→ INSTRUCTIONS TO FOLLOW: The line containing "次旦玉珍和隊友布魯爾奪得2025哈爾濱亞冬會滑雪登山混合接力金牌。" marks the end; write out exactly every line from the start of the data up to and including it, without the pictures.

→ EXERCISE INPUTS:
════════════════════

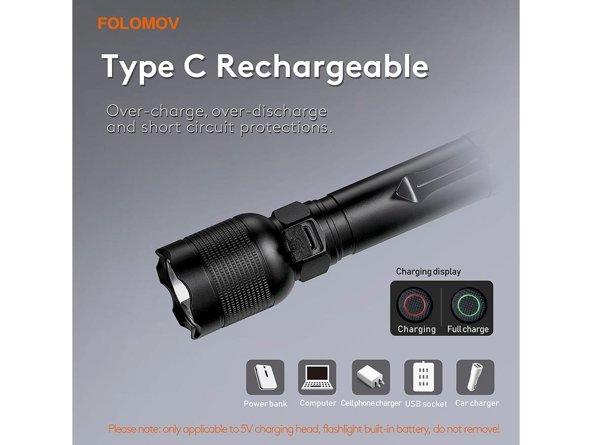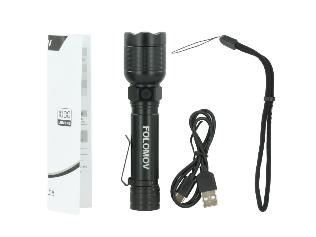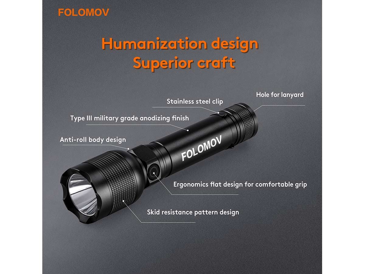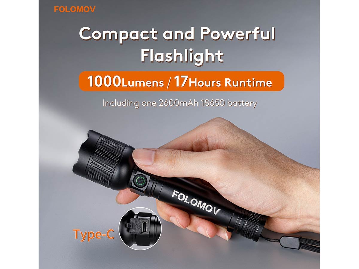 Folomov EDC H4 USB-C Rechargeable LED Flashlight - Nichia NVSW519A - 1000 Lumens - Uses Built-in 2600mAh Li-ion Battery Pack
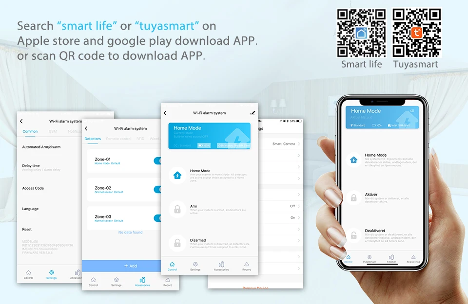 -Arm / disarm системы с помощью SMS, телефонного звонка или приложения (на iOS или Androrid)
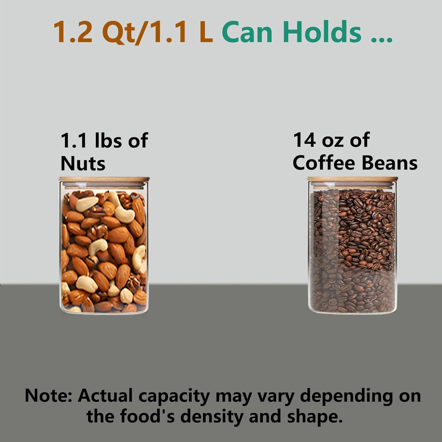1.2 Qt Square Glass Storage Containers with Lids, glass jar with airtight lid, Glass Canister for Pantry Cookie Flour Cereal Rice Sugar Tea Coffee Beans Spice, Square Set of 4
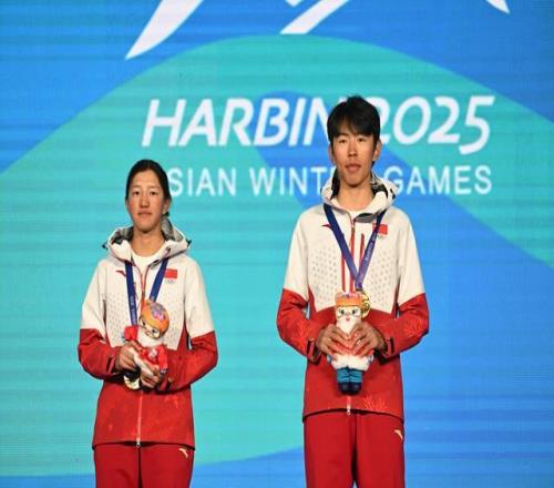 次旦玉珍和隊友布魯爾奪得2025哈爾濱亞冬會滑雪登山混合接力金牌。
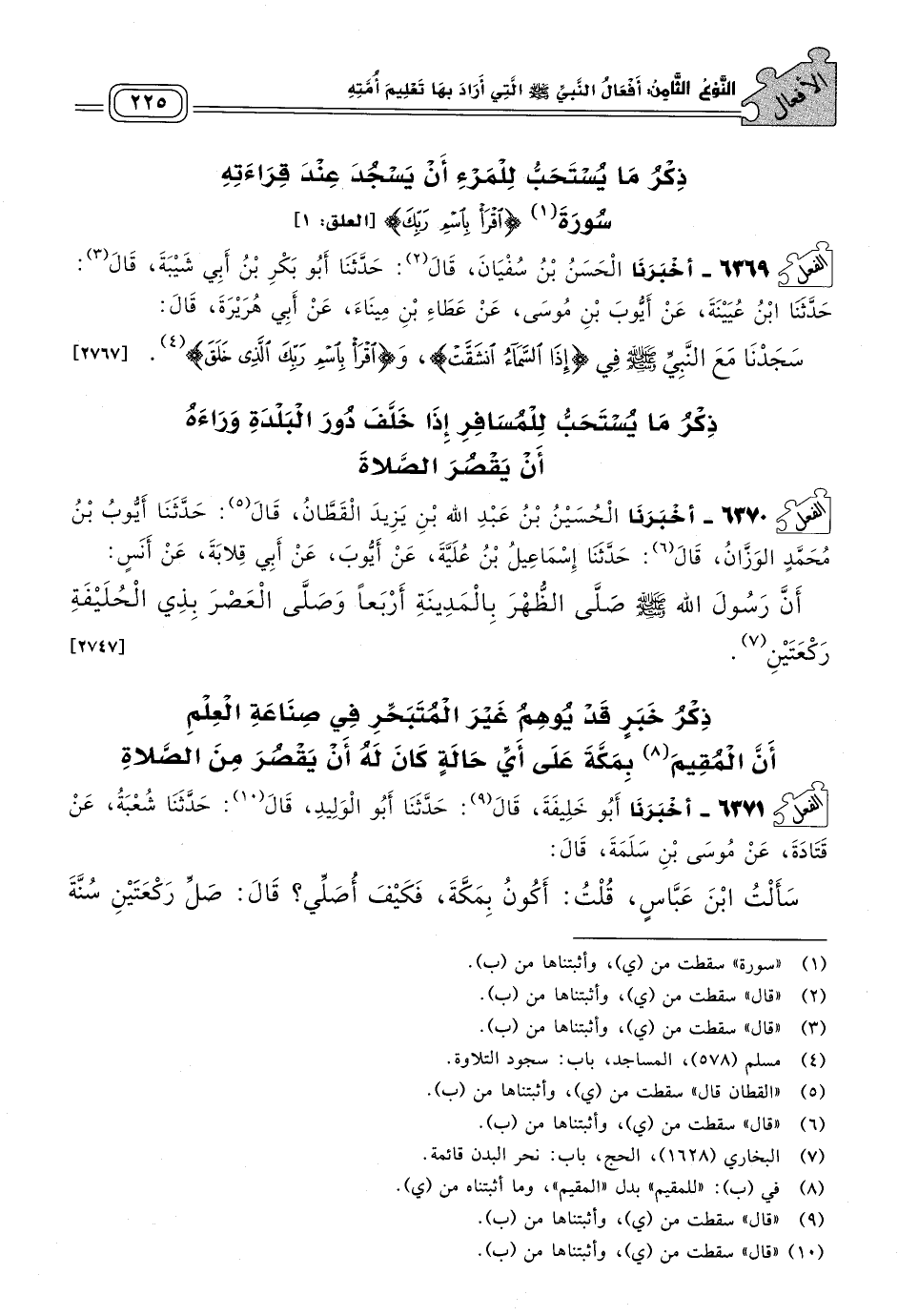٦٣٧٠ - أَخبَرنا الْحُسَيْنُ بْنُ عَبْدِ اللهِ بْنِ يَزِيدَ الْقَطَّانُ، قَالَ: حَدثنا أَيُّوبُ بْنُ مُحَمَّدٍ الْوَزَّانُ، قَالَ: حَدثنا إِسْمَاعِيلُ ابْنُ عُلَيَّةَ، عَنْ أَيُّوبَ، عَنْ أَبِي قِلَابَةَ، عَنْ أَنَسٍ، أَنَّ رَسُولَ اللهِ صَلى الله عَلَيه وسَلم صَلَّى الظُّهْرَ بِالْمَدِينَةِ أَرْبَعًا وَصَلَّى الْعَصْرَ بِذِي الْحُلَيْفَةِ رَكْعَتَيْنِ. [٢٧٤٧]
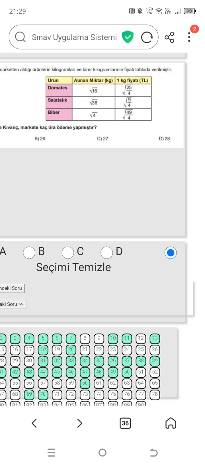- Miktarlar karekök ile verilmiş: domates için \sqrt{16}, salatalık için \sqrt{36}, biber için \sqrt{4}.
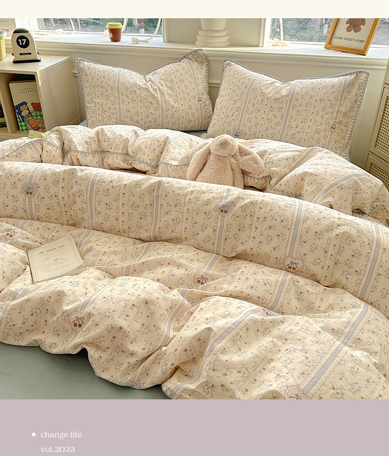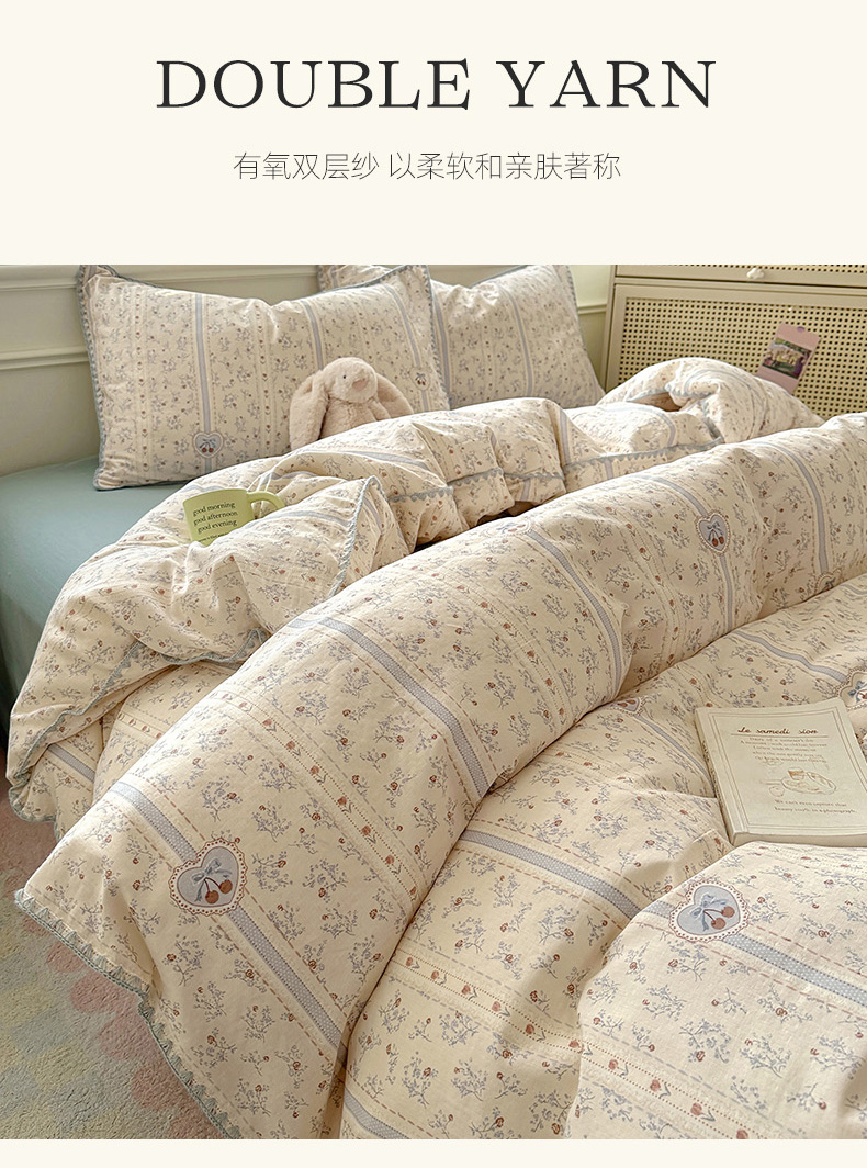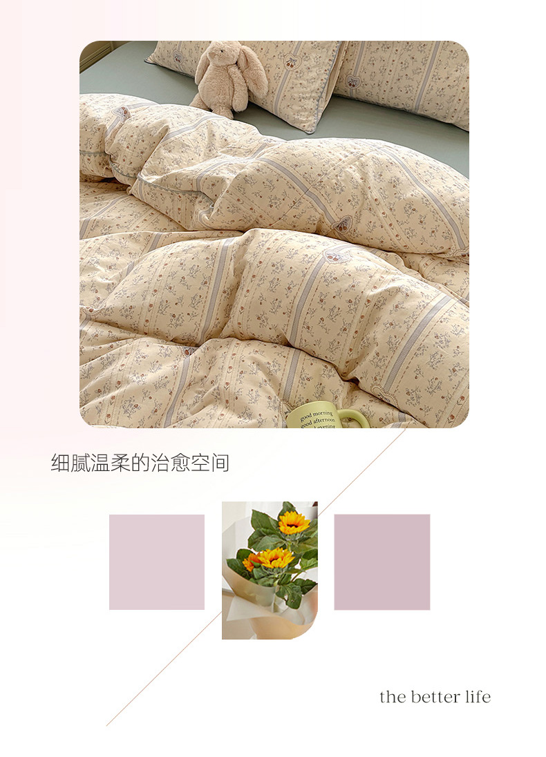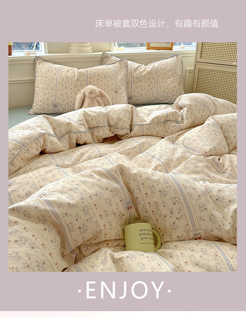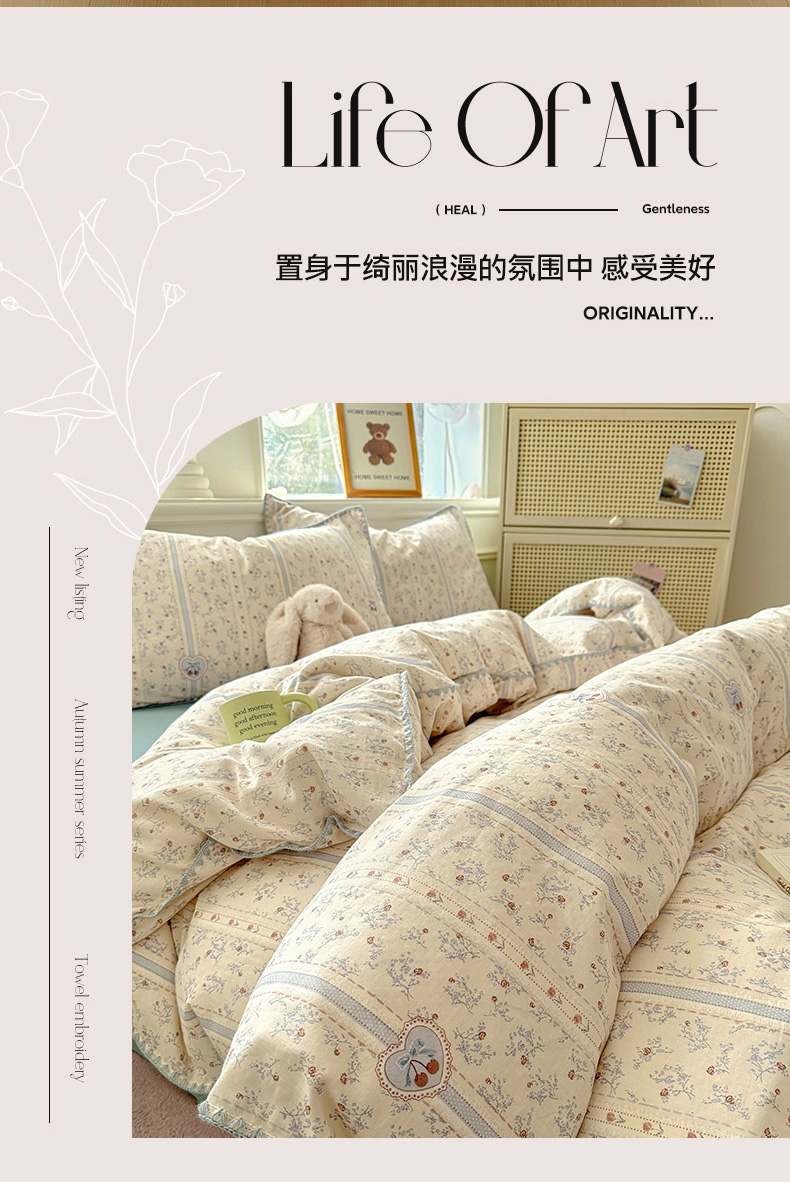 (总)田野 2022新款水洗棉小清新小碎花全棉四件套,花丛,花涧,绿婉,曼舞,桃夭,甜馨草莓,兔兔,银杏
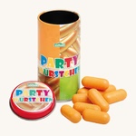 9 mini saucisses en bois pour jouer, livrées dans une boite en métal.
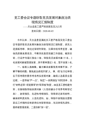 党工委会议专题听取党员发展对象政治表现情况汇报制度——天台县直工委严把发展党员入口关发布日期:2020-08-03今年以来,天台县委直属机关工委严格落实党工委会议专题听取党员发展对象政治表现情况汇报制度,抓实人选摸底考察、强化过筛研判审批、注重全程培养监督,确保高质量发展党员,不断夯实基层党建工作基础。截至目前,已召开专题汇报会3场,审核党员发展对象55名,2名发展对象被暂缓发展,其中重审通过1名,暂不发展1名。一、绘准人选画像,着力解决发展党员考察不深、了解不够的问题。聚焦政治表现开展“人、事、档”全方位审查,以干部考察的要求考准考实发展对象,确保人选素质全面过硬。一是审核“严一点”。制定“...
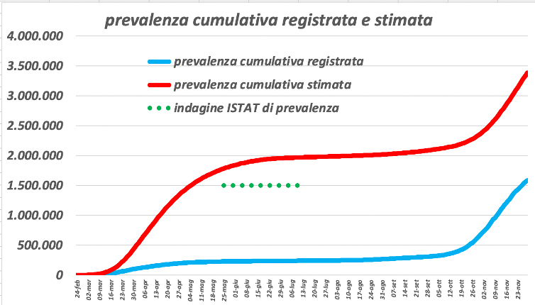 La stima della prevalenza cumulativa dell’indagine Istat, svoltasi nel mese di giugno 2020, aveva dato come indicazione circa un milione e mezzo di persone (indicata in figura con linea punteggiata) che sino ad allora erano state infettate e sicuramente questa cifra è più vicina alla stima qui eseguita che ai valori ufficiali registrati che sicuramente sottostimano la realtà.
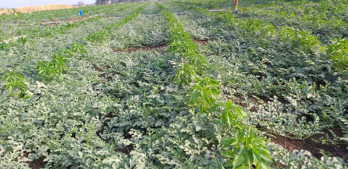 शेतकरी मित्रांनो कलिंगड पिकात घेतलेले मिरचीचे अंतर पीक
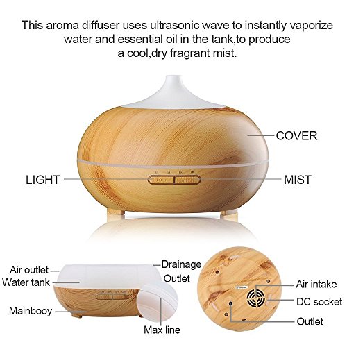 Unique and Compact Design. This aroma diffuser with wood grain looks very natural and primitive. The cap is easy to take off, need't unscrew the cap with great force
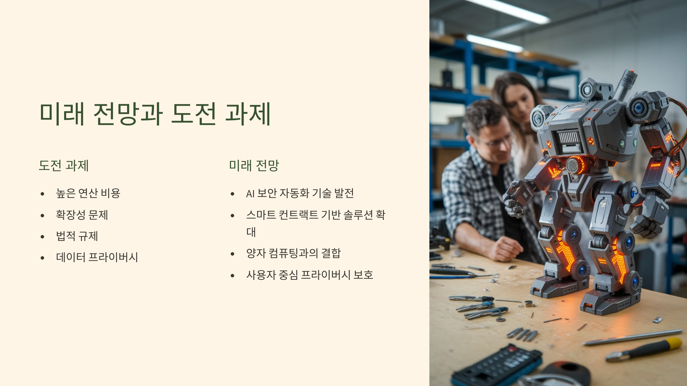 AI와 블록체인을 결합한 보안 기술은 강력하지만, 여전히 해결해야 할 문제들이 존재합니다. 특히, 계산 비용, 확장성, 규제 문제 등이 주요 도전 과제로 떠오르고 있습니다.
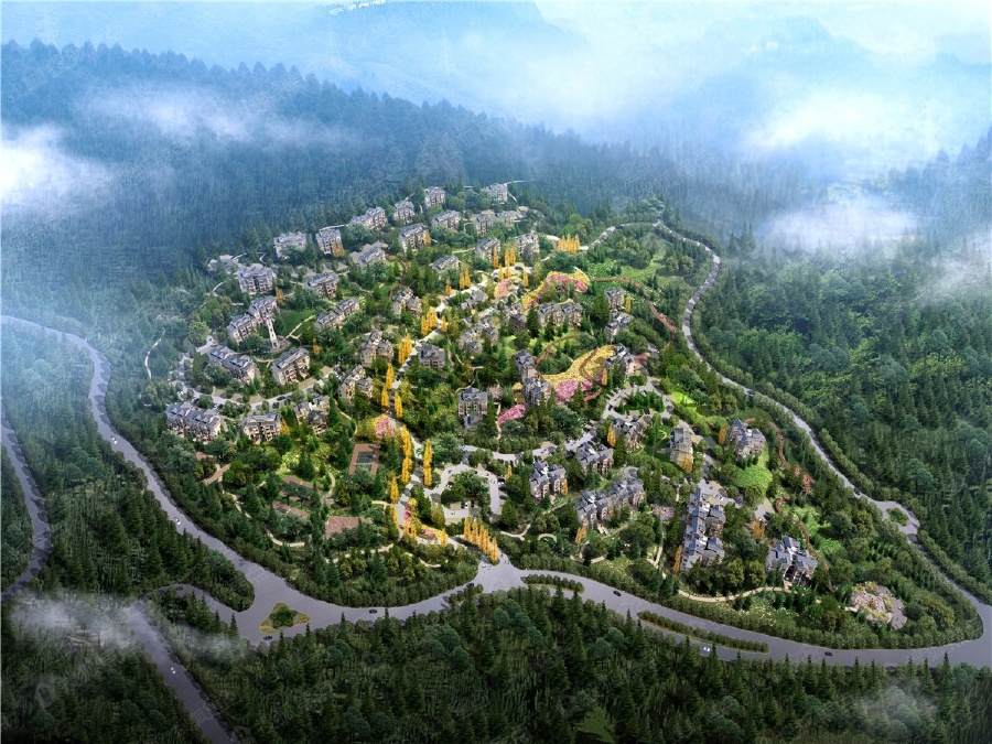 温泉设计方案:项目位于洪雅县高庙古镇,距离峨眉山景区零公里区3.5公里的半山七里坪国际避暑度假区内,海拔约1300米,周边拥有几乎原始的农耕文化和世界级遗产分布,这里山深林密,遗世独立,世界自然和文化遗产,佛、道、儒文化在这里交汇,具有鲜明的“雅、幽、真”等天然优势,定位为世界级的避暑胜地。

════════════════════

→ EXERCISE SOLUTION:
 Folomov EDC H4 USB-C Rechargeable LED Flashlight - Nichia NVSW519A - 1000 Lumens - Uses Built-in 2600mAh Li-ion Battery Pack
 -Arm / disarm системы с помощью SMS, телефонного звонка или приложения (на iOS или Androrid)
1.2 Qt Square Glass Storage Containers with Lids, glass jar with airtight lid, Glass Canister for Pantry Cookie Flour Cereal Rice Sugar Tea Coffee Beans Spice, Square Set of 4
 次旦玉珍和隊友布魯爾奪得2025哈爾濱亞冬會滑雪登山混合接力金牌。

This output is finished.